*Data provided*
★ ★ ★ ★ ★ ★ ★

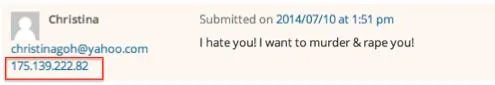 With the same IP address, she then changed her name to “Christina” and sent her a rather disturbing death threat.
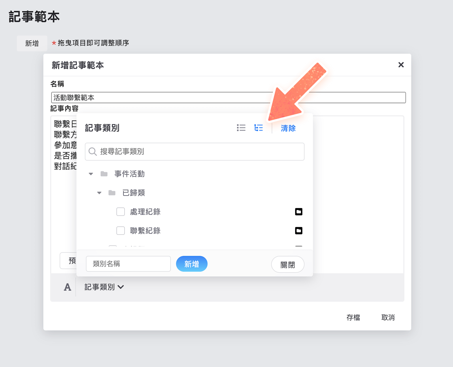 編輯記事範本時,選擇記事類別可以切換至樹狀檢視模式。
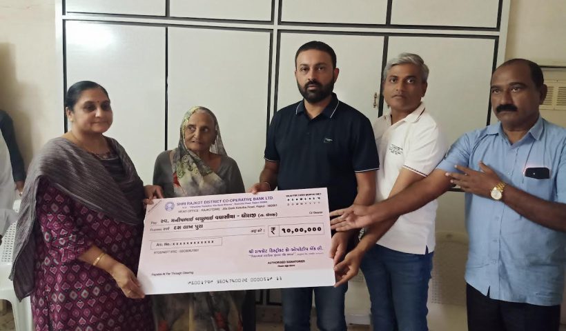 ધોરાજી શહેરની ધોરાજી વિવિધ કાર્યકારી સહકારી મંડળી લી.ના ખેડુત સભાસદ મનીષભાઈ બચુભાઈ વઘાસીયાનુ અકસ્માતે દુ:ખદ અવસાન થતા રાજકોટ જીલ્લા બેંક દ્વારા લેવાયેલ રૂૂ.10/- લાખ તેમજ…
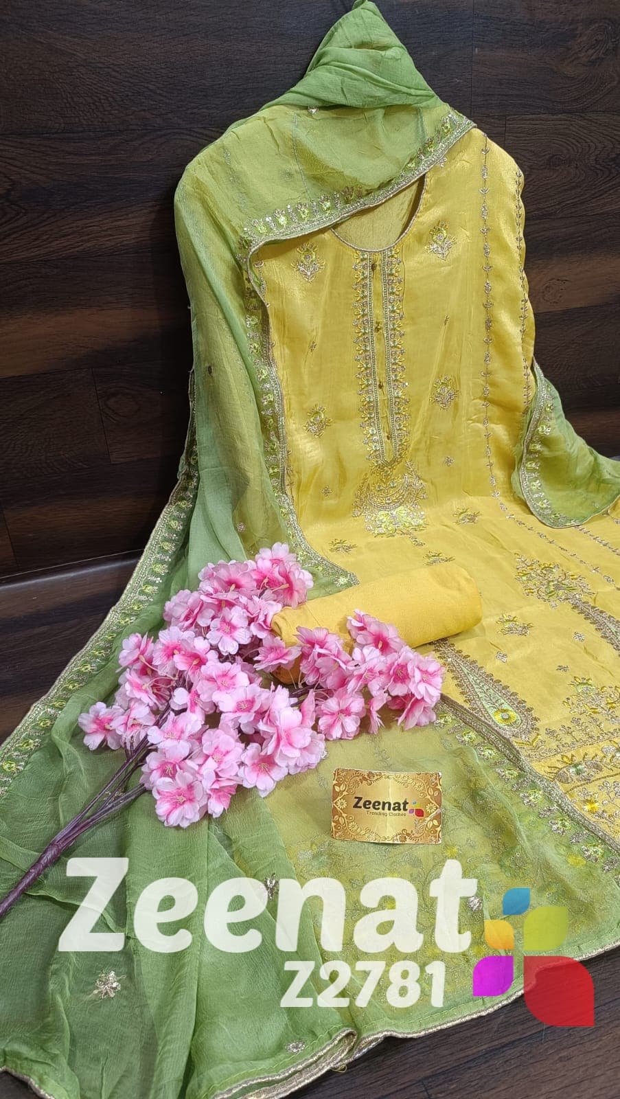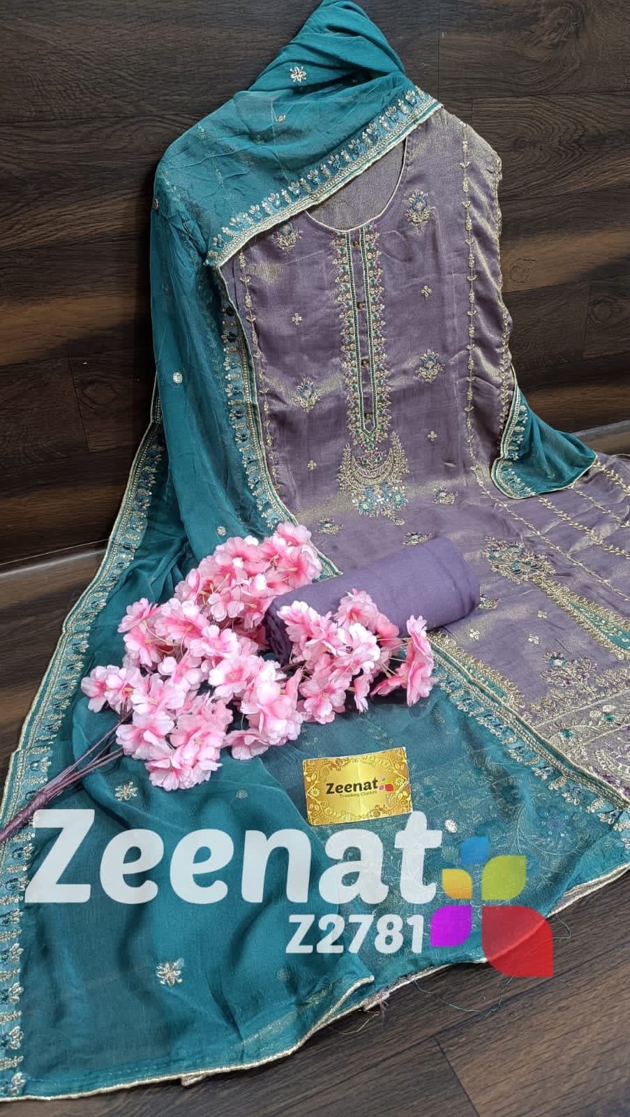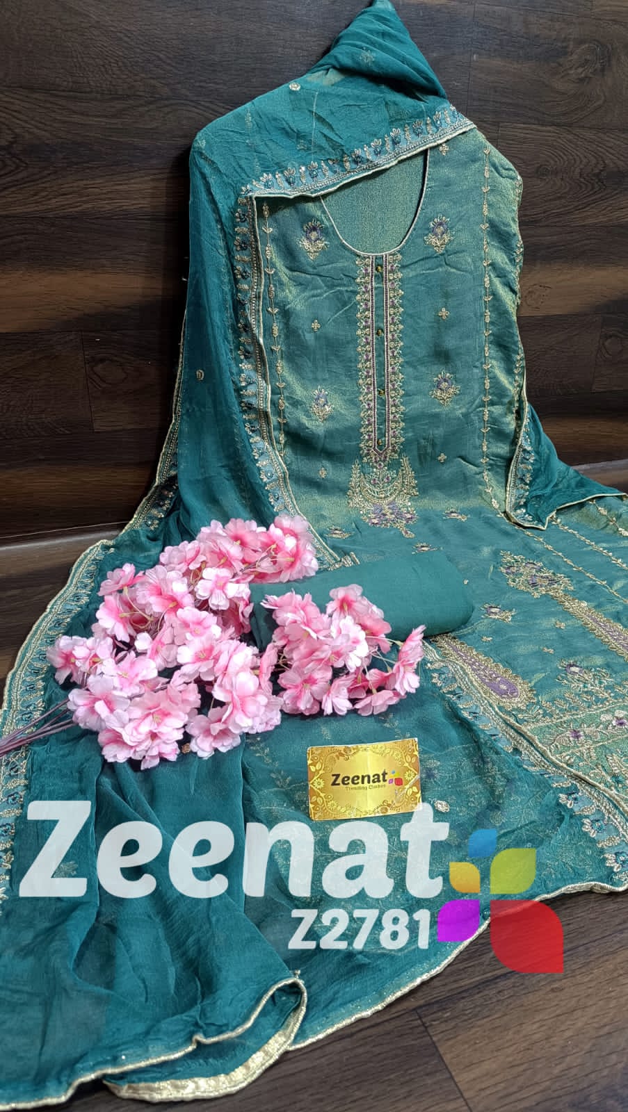 ? Dupatta pure chiffon with contrast color beautiful embroidery n cutwork border....2.25 mtr approx

★ ★ ★ ★ ★ ★ ★

*Exercise brief*
All of the data above is to be repeated exactly, with the pictures left out.

*Answer to this task*
 With the same IP address, she then changed her name to “Christina” and sent her a rather disturbing death threat.
 編輯記事範本時,選擇記事類別可以切換至樹狀檢視模式。
 ધોરાજી શહેરની ધોરાજી વિવિધ કાર્યકારી સહકારી મંડળી લી.ના ખેડુત સભાસદ મનીષભાઈ બચુભાઈ વઘાસીયાનુ અકસ્માતે દુ:ખદ અવસાન થતા રાજકોટ જીલ્લા બેંક દ્વારા લેવાયેલ રૂૂ.10/- લાખ તેમજ…
 ? Dupatta pure chiffon with contrast color beautiful embroidery n cutwork border....2.25 mtr approx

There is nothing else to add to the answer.